DID THE DEFENDANT COMMIT THE OFFENCE OF MURDER?
[120] I have already determined that the Crown has proved the actus reus of the offence, and has proved the causation element of the offence. Thus, I find that the Crown has proved culpable homicide within the meaning of the Criminal Code.
[121] The next question is whether the Crown has proved the intention element for murder. Section 229 of the Criminal Code states that culpable homicide is murder where the person who causes the death of a human being, (i) means to cause the death, or (ii) means to cause bodily harm that he knows is likely to cause the death, and is reckless whether death ensues or not.
[122] In the present case there is no direct evidence of the defendant’s intention, and therefore I must consider whether I can infer an intention to commit murder from the established circumstantial evidence.

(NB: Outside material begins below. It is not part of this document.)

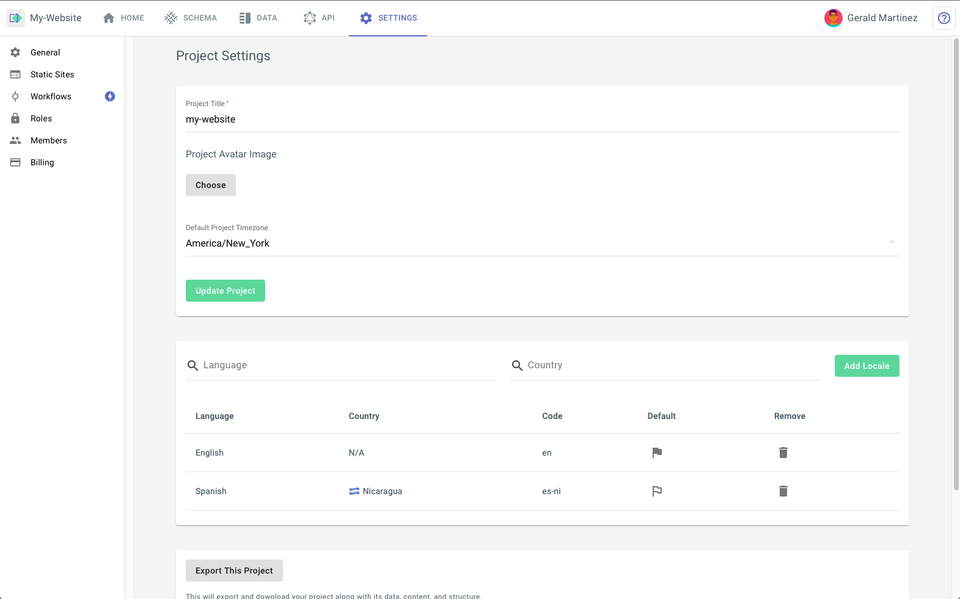 Here you can manage all the things related to your projects like your sites, workflows, roles, members, and billing.
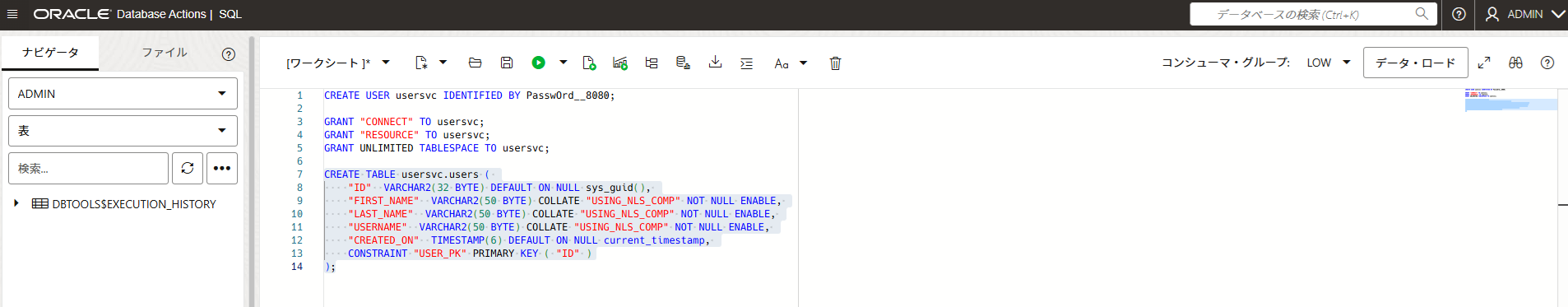 これで、ユーザーテーブルおよびサンプル・データの準備は完了です。

[123] I am bound by the decision in R. v. Villaroman, 2016 SCC 33, [2016] 1 S.C.R. 1000, in which the Supreme Court of Canada addressed the appropriate way to consider whether the Crown has proved its case beyond a reasonable doubt where one or more elements of the offence depends exclusively or largely on circumstantial evidence. The court held that a trial judge can only find that the Crown has proved the contentious elements beyond a reasonable doubt if an inference of guilt is the only reasonable or rational inference that can be drawn from the circumstantial evidence. See Villaroman at paras. 30 and 41.
[124] I also rely on the case of R. v. Seymour, 1996 201 (SCC), [1996] 2 S.C.R. 252at paras. 19-23, in which the Supreme Court of Canada affirmed that a common sense inference may be drawn to the effect that a sober and sane person intends the natural and probable consequences of his or her actions. That is, if a person acts in a manner that produces certain and predictable consequences, it may be reasonable to infer that the person intended those consequences.
[125] This common sense inference is not a presumption, but it is a reasonable inference that may be drawn after a consideration of all of the evidence, including any factors that may affect the defendant’s state of mind and thus his ability to foresee the consequences of his actions. See Seymour at para. 23 and R. v. Giannotti, [1956] O.J. No. 539 at paras. 39-40.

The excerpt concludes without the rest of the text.